■ Assignment
Everything from the line containing "Mesa redonda com" through the last line of the data below is to be retyped exactly, apart from the pictures.

■ Recorded information
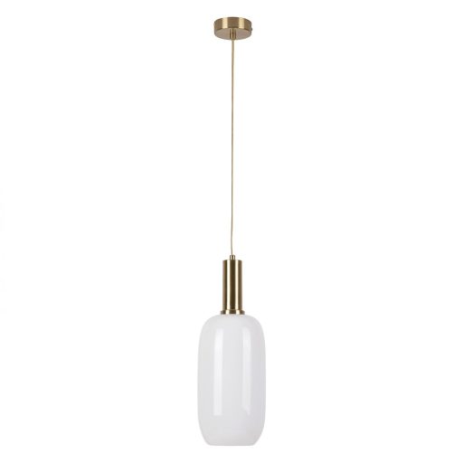 Arany színű fém vázas elegáns függeszték lámpa fényes fehér színű opál üveg búrával, textil kábellel.
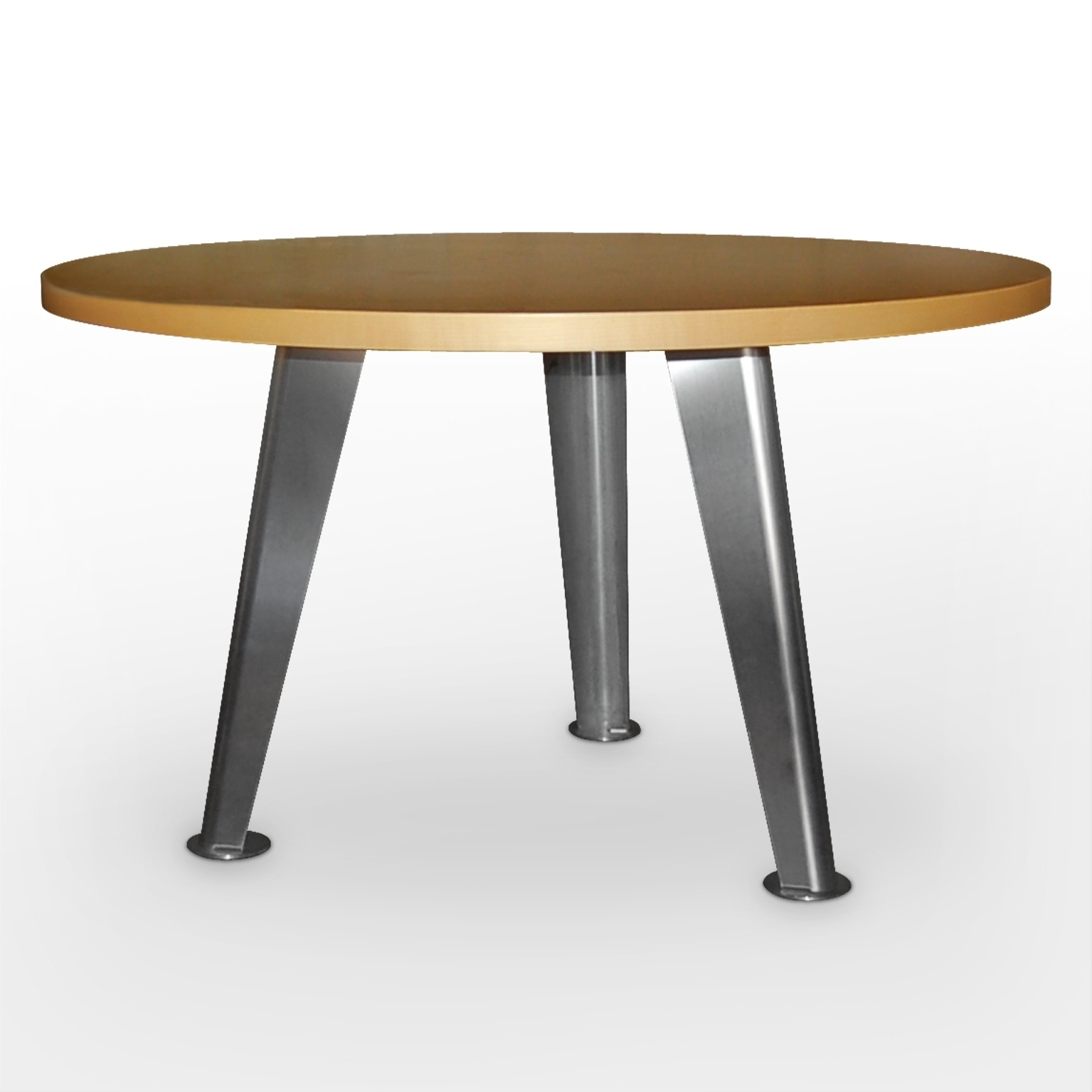 Mesa redonda com tampo em madeira clara sobre 3 pés em metal.
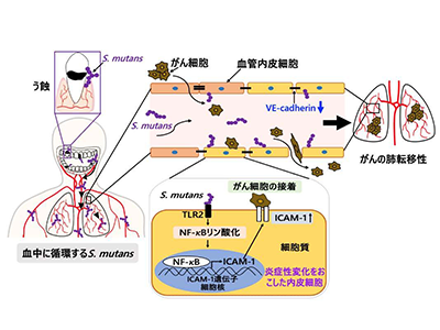 近年、口腔細菌と全身疾患の関わりが報告されるようになってきた。例えば、口腔内細菌が抜歯などの外科治療や歯周炎の病巣から血液循環に侵入し、さまざまな炎症性変化を全身に引き起こすことが明らかになっている。口腔細菌の中でもミュータンス菌は、う蝕の原因として最も有名な菌の一つ。近年のin vitro実験では、ミュータンス菌が血管炎症を起こすことが報告されていた。一方、血管の炎症は血管の透過性亢進をもたらし、血行性転移につながることが知られるようになってきた。しかし、口腔内細菌によるがんの転移への関与については不明だった。

■ Written answer
 Mesa redonda com tampo em madeira clara sobre 3 pés em metal.
 近年、口腔細菌と全身疾患の関わりが報告されるようになってきた。例えば、口腔内細菌が抜歯などの外科治療や歯周炎の病巣から血液循環に侵入し、さまざまな炎症性変化を全身に引き起こすことが明らかになっている。口腔細菌の中でもミュータンス菌は、う蝕の原因として最も有名な菌の一つ。近年のin vitro実験では、ミュータンス菌が血管炎症を起こすことが報告されていた。一方、血管の炎症は血管の透過性亢進をもたらし、血行性転移につながることが知られるようになってきた。しかし、口腔内細菌によるがんの転移への関与については不明だった。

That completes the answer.